EXERCISE -> With pictures excluded, retype exactly every line from the one containing "- ✅ECO FRIENDLY: These" to the end of the records below.

DATA LISTING ->
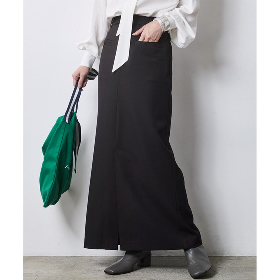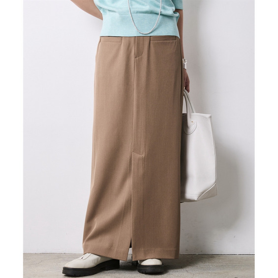 すっきりとしたナローシルエットで、スタイルアップを叶える大人のためのマキシスカート。
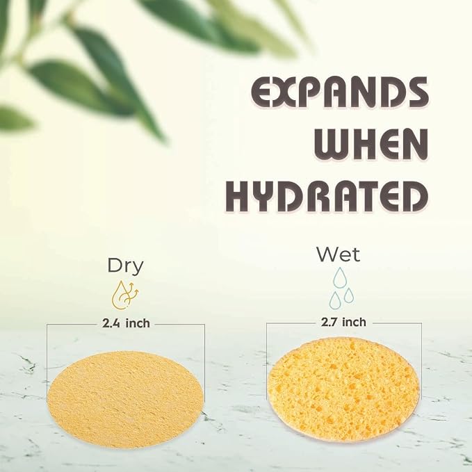 - ✅ECO FRIENDLY: These sponges are made of 100% natural cellulose, making them a guilt-free, fully biodegradable beauty product. When soaked in water, they become soft and gentle: perfect for removing makeup, pollution, and the day’s stress. These sponges are suitable for all types of skin and will make your skin glow.
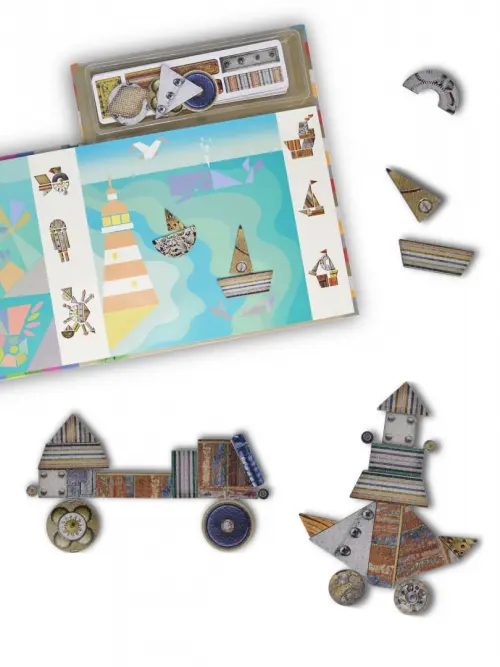 На каждой странице есть подсказки - фон (морской, лесной и пр.) и несколько моделей для сборки.
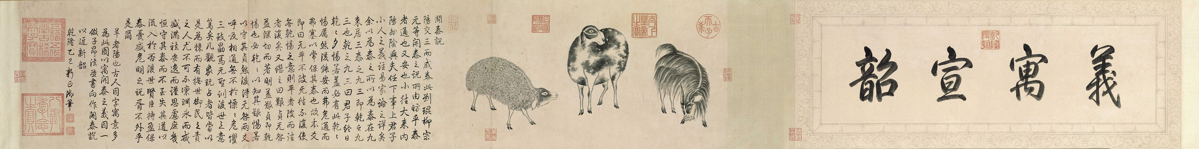 乾隆帝于三十七年春所作《三阳开泰图》即是一幅仿古而来的花鸟画作。乾隆帝在画题立意上仿照明宣宗之作、造型画法上参考郎世宁之作,绘制出具有新春祈福寓意的仿古花鸟画——《三阳开泰图》。新年得遇“岁朝春”是仿画的契机,前一年遭受“畿南秋沴”是仿画的动因。面对时常漫漶的河患,乾隆帝除去自省吾身,还通过于特定时间仿画特定题材的画作,表达对好天气的祈愿。
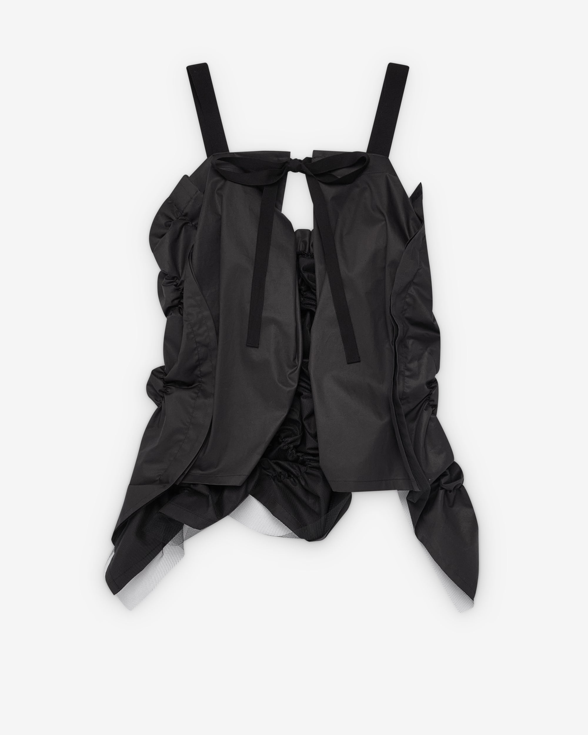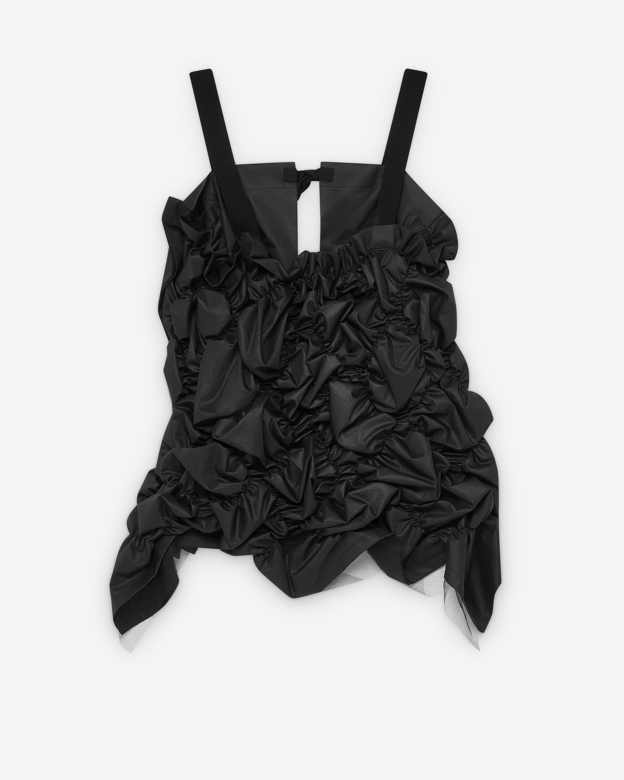 Thin shoulder strapsBow tied closure on backGathered ruffle design

OUTPUT OF THE TASK ->
 - ✅ECO FRIENDLY: These sponges are made of 100% natural cellulose, making them a guilt-free, fully biodegradable beauty product. When soaked in water, they become soft and gentle: perfect for removing makeup, pollution, and the day’s stress. These sponges are suitable for all types of skin and will make your skin glow.
 На каждой странице есть подсказки - фон (морской, лесной и пр.) и несколько моделей для сборки.
 乾隆帝于三十七年春所作《三阳开泰图》即是一幅仿古而来的花鸟画作。乾隆帝在画题立意上仿照明宣宗之作、造型画法上参考郎世宁之作,绘制出具有新春祈福寓意的仿古花鸟画——《三阳开泰图》。新年得遇“岁朝春”是仿画的契机,前一年遭受“畿南秋沴”是仿画的动因。面对时常漫漶的河患,乾隆帝除去自省吾身,还通过于特定时间仿画特定题材的画作,表达对好天气的祈愿。
 Thin shoulder strapsBow tied closure on backGathered ruffle design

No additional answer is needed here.